Section 1.2      Effect of Amendment . This Amendment shall not constitute an amendment or modification of any provision of, or schedule or exhibit to, the Stockholders’ Agreement not expressly referred to in this Amendment. Except as expressly amended or modified in this Amendment, the provisions of the Stockholders’ Agreement are and remain in full force and effect.
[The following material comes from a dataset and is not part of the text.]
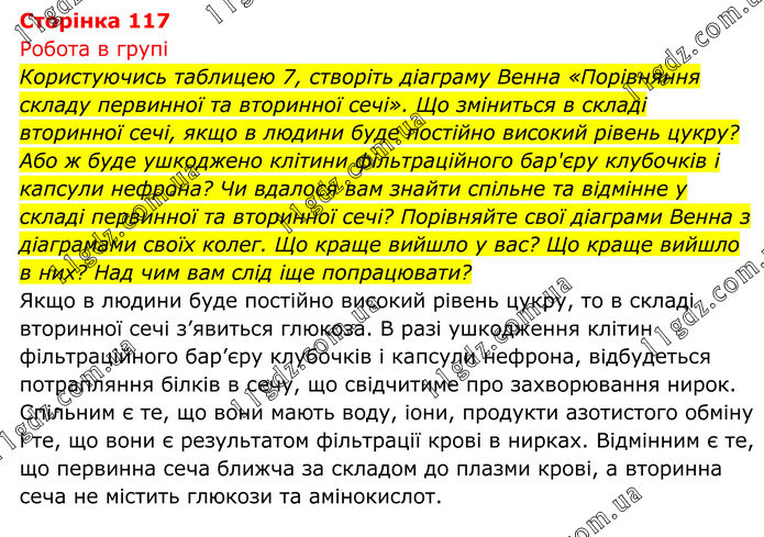 Робота в групі Користуючись таблицею 7, створіть діаграму Венна «Порівняння складу первинної та вторинної сечі». Що зміниться в складі вторинної сечі, якщо в людини буде постійно високий рівень цукру? Або ж буде ушкоджено клітини фільтраційного бар'єру клубочків і капсули нефрона? Чи вдалося вам знайти спільне та відмінне у складі первинної та вторинної сечі? Порівняйте свої діаграми Венна з діаграмами своїх колег. Що краще вийшло у вас? Що краще вийшло в них? Над чим вам слід іще попрацювати? Якщо в людини буде постійно високий рівень цукру, то в складі вторинної сечі з’явиться глюкоза. В разі ушкодження клітин фільтраційного бар’єру клубочків і капсули нефрона, відбудеться потрапляння білків в сечу, що свідчитиме про захворювання нирок. Спільним є те, що вони мають воду, іони, продукти азотистого обміну і те, що вони є результатом фільтрації крові в нирках. Відмінним є те, що первинна сеча ближча за складом до плазми крові, а вторинна сеча не містить глюкози та амінокислот.
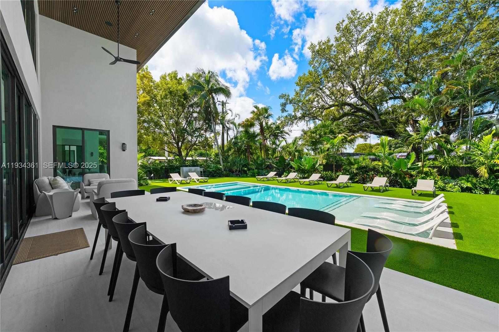 This exceptional modern luxury estate offers approximately 6,200 SF of open-concept living, showcasing striking contemporary architecture, soaring ceilings, and abundant natural light. Designed for both comfort and entertaining, the residence features expansive living and dining areas with seamless indoor-outdoor flow. The home offers 9 spacious bedrooms, each with a private en-suite bathroom, plus 9.5 beautifully finished baths, providing privacy and flexibility for family and guests. High-end finishes and sleek modern design elements are found throughout, creating a refined yet inviting atmosphere. Floor-to-ceiling sliding glass doors open to a resort-style backyard featuring a large swimming pool, spa, turf lounging areas, and expansive terrace spaces ideal for dining and entertaining. Additional amenities include a private putting green and recreational areas, enhancing the home’s lifestyle appeal. Thoughtfully designed and built to impress, this modern sanctuary offers the perfect balance of luxury, functionality, and entertainment ideal for a primary residence, second home, or investment opportunity.

Whenever the Stockholders’ Agreement is referred to in the Stockholders’ Agreement or in any other agreement, document or instrument, such reference shall be deemed to be to the Stockholders’ Agreement, as amended by this Amendment, whether or not specific reference is made to this Amendment.
Section 1.3      Governing Law . This Amendment shall be governed by, and construed in accordance with, the laws of the State of Delaware (without regard to any conflicts of laws principles thereof).
Section 1.4      Counterparts; Amendment Effective Date . This Amendment may be executed in any number of counterparts, all of which together shall constitute one instrument, each of which may be executed by less than all of the Stockholders, and shall be effective (the " Amendment Effective Date ") and enforceable against the Company and each of the Stockholders upon the execution by Company of this Amendment in accordance with Section 4.5 of the Stockholders' Agreement and the execution and delivery to the Company of counterparts to this Amendment by the holders of at least two-thirds of the outstanding Shares at the time of the delivery of the last counterpart to this Amendment comprising at least two-thirds of the outstanding Shares.
Section 1.5      Severability . The Stockholders and the Company hereto agree that the terms and provisions in this Amendment are reasonable and shall be binding and enforceable in accordance with the terms hereof and, in any event, that the terms and provisions of this Amendment shall be enforced to the fullest extent permissible under law. In the event that any term or provision of this Amendment shall for any reason be adjudged to be unenforceable or invalid, then such unenforceable or invalid term or provision shall not affect the enforceability or validity of the remaining terms and provisions of this Amendment, and the Stockholders and the Company hereby agree to replace such unenforceable or invalid term or provision with an enforceable and valid arrangement which in its economic effect shall be as close as possible to the unenforceable or invalid term or provision.
Section 1.6      Titles and Subtitles . The titles and subtitles used in this Amendment are used for convenience only and are not to be considered in construing or interpreting this Amendment.
Section 1.7      Further Assurances . The Stockholders agree, without further consideration, to execute such further instruments and to take such further actions as may be necessary or desirable to carry out the purposes and intent of this Amendment.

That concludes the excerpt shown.